→ WHAT YOU NEED TO DO: Please return the full listing exactly as written, with the images removed.
____ SOURCE DATA
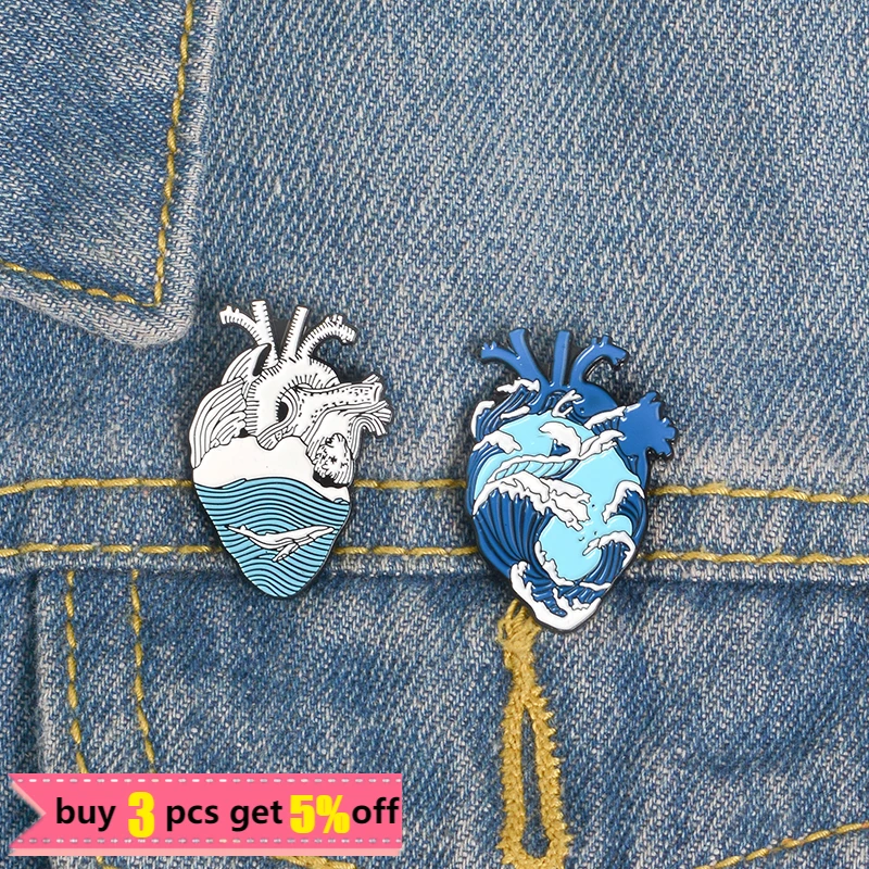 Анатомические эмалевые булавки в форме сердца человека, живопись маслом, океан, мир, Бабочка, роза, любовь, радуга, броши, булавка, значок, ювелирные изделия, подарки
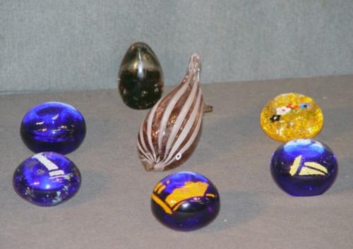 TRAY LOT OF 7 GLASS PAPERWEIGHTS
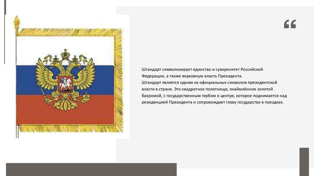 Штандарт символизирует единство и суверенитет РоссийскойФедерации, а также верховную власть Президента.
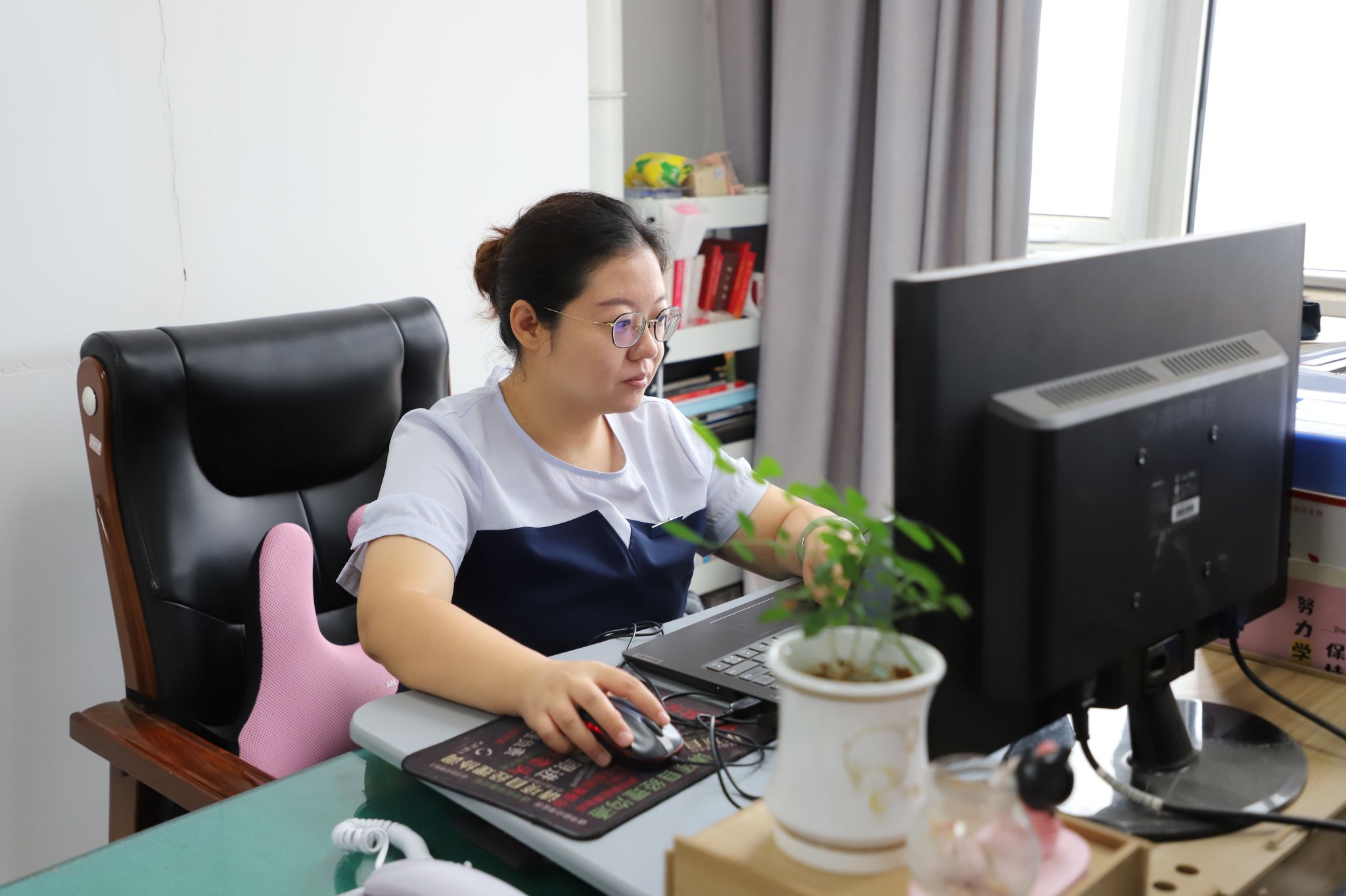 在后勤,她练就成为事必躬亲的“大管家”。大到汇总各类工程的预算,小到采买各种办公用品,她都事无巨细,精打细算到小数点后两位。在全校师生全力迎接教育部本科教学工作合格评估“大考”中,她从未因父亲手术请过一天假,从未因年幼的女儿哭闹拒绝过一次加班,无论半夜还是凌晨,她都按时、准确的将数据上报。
________
→ EXERCISE RESPONSE:
 Анатомические эмалевые булавки в форме сердца человека, живопись маслом, океан, мир, Бабочка, роза, любовь, радуга, броши, булавка, значок, ювелирные изделия, подарки
 TRAY LOT OF 7 GLASS PAPERWEIGHTS
 Штандарт символизирует единство и суверенитет РоссийскойФедерации, а также верховную власть Президента.
 在后勤,她练就成为事必躬亲的“大管家”。大到汇总各类工程的预算,小到采买各种办公用品,她都事无巨细,精打细算到小数点后两位。在全校师生全力迎接教育部本科教学工作合格评估“大考”中,她从未因父亲手术请过一天假,从未因年幼的女儿哭闹拒绝过一次加班,无论半夜还是凌晨,她都按时、准确的将数据上报。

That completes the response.